Terrence Malick's SONG TO SONG Panned as "Humiliating Wreck of a Movie" in Early Reviews
For a director whose films have often been referred to as "inaccessible," Terrence Malick doesn't seem to have strayed too far from that perception with his latest movie, judging by the early reviews.
Song to Song, which had its world premiere as the opening-night film at the South by Southwest festival last week, is set amid the Austin, Texas, music scene and stars Rooney Mara, Ryan Gosling, Michael Fassbender and Natalie Portman. The film follows two intersecting love triangles between a music executive (Fassbender), his business partner (Gosling), a budding musician (Mara) and an ex-teacher (Portman). The movie is short on traditional dialogue and heavy on voiceovers and improvisation, which
the cast said at the Friday night premiere created a unique challenge (the reclusive Malick was not in attendance).
Said Fassbender: "It's a lot of improvisation. You read the sides, they're very dense. For me, it's hard to learn lines quickly, so it’s about getting a feel or flavor of what is happening in the scene and then improvising it." Added Mara: "It was kind of hard to know how to prepare because everything was so vague."
Critics also are having a hard time wrapping their heads around the latest from Malick, who made his name with
Badlands but then famously dropped out of view for 20 years after 1978's
Days of Heaven, returning with the critically acclaimed
The Thin Red Line. In a late-career rush, Malick has directed
The Tree of Life, To the Wonder and
Knight of Cups — all to mixed, at best, receptions.
Giving the movie a C-plus grade, IndieWire's Eric Kohn argues that the movie is redundant and overlong at 130 minutes.
ComingSoon.net's Joshua Starns
writes that Malick is "stuck in a rut."
The Playlist's Rodrigo Perez
gives the film a C grade, noting that as a filmmaker, Malick "has abandoned narrative cinema, for a fragmented, quasi-experimental form, that while once unique, has curdled into cliche, and even self-parody."
Marten Carlson,
reviewing the movie for Consequence of Sound, described the movie as an "overbearing take on the music business" with "no emotional or philosophical through-line to carry the audience." Calling the movie "just a parade of music and film celebrities," Carlson adds that it "lacks the soul of Malick’s best work."
Robbie Collin of the U.K. paper
The Telegraph notes that the love scenes don't quite work.

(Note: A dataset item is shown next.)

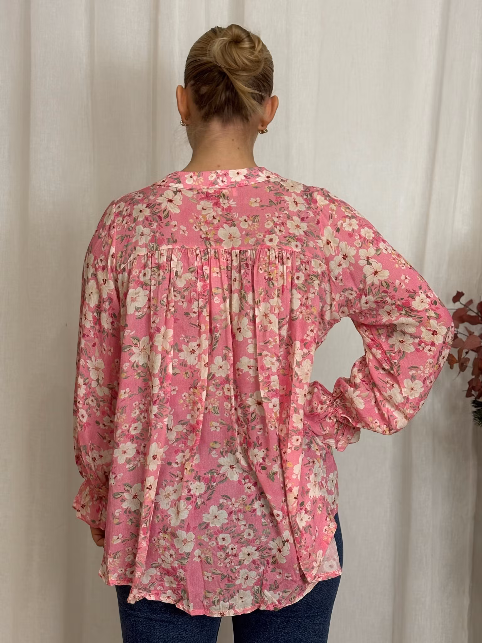 Rosa blus med blomprint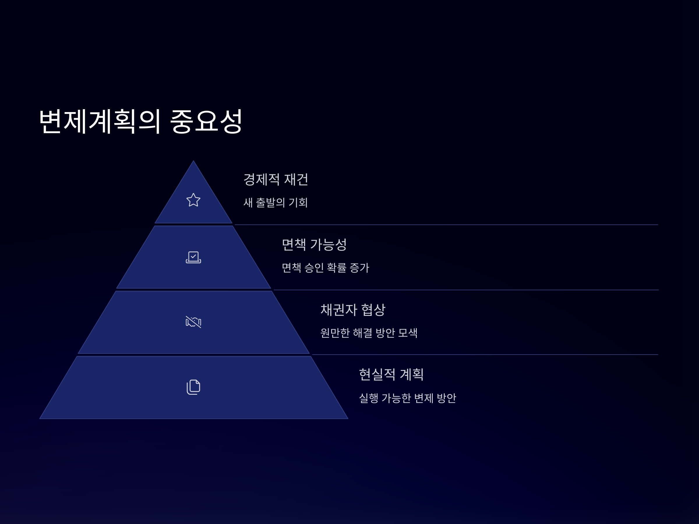파산면책을 신청하기 전, 변제계획에 대해 정확히 이해하는 것이 중요합니다. 변제계획은 채무자가 법원에 제출하여, 자산을 어떻게 분배하고, 채무를 어떻게 변제할지를 정리한 계획입니다. 이를 통해 채무자는 법원으로부터 변제기간을 정해받고, 그 기간 내에 가능한 범위에서 채무를 해결하게 됩니다. 변제계획이 승인되면 면책을 받을 수 있는 기회를 얻을 수 있습니다.

"Sex and Malick have never been an easy fit, but
Song to Song plumbs new boreholes of cringe in that department, and its various bedroom encounters, shot in the usual extreme wide-angle by the director’s regular cinematographer, Emmanuel Lubezki, are gauzy and bloodless," Collin writes. "The film is to sex as a lepidopterist is to a butterfly cabinet — it gets right in there with the magnifying glass, but perish the thought that anything might flap."
Variety's Peter Debruge
notes that Malick took a 20-year break between 1978's
Days of Heaven and 1998's
The Thin Red Line.
"It pains me to say it, but Malick might want to consider another lengthy hiatus," Debruge writes. "Rushed into production mere months after his nearly-self-parodic, Hollywood-set
Knight of Cups, Song to Song finds the maestro in broken-record mode, rehashing more or less the same themes against the backdrop of the Austin music scene — merely the latest borderline-awful Malick movie that risks to undermine the genius and mystery of his best work."
Entertainment Weekly's Joe McGovern gives the movie an even worse D grade.
"In terms of content and meaningfulness, Terrence Malick’s
Song to Song is the cinematic equivalent of a Trump press conference," he
writes. "Incoherent, disconnected, self-interrupting, obsessed with pointless minutiae and crammed full of odd, limp stabs at profundity from a closed-off man in his 70s who apparently has no ability to edit or accept constructive criticism. Malick, too, still inspires a passionate minority of hardcore devotees who will defend everything he does, no matter how inept or ludicrous, out of some bizarre sense of base loyalty towards the man who made
Days of Heaven 39 years ago. Even for those groupies, this new humiliating wreck of a movie — the reclusive director's worst ever — presents a test of will."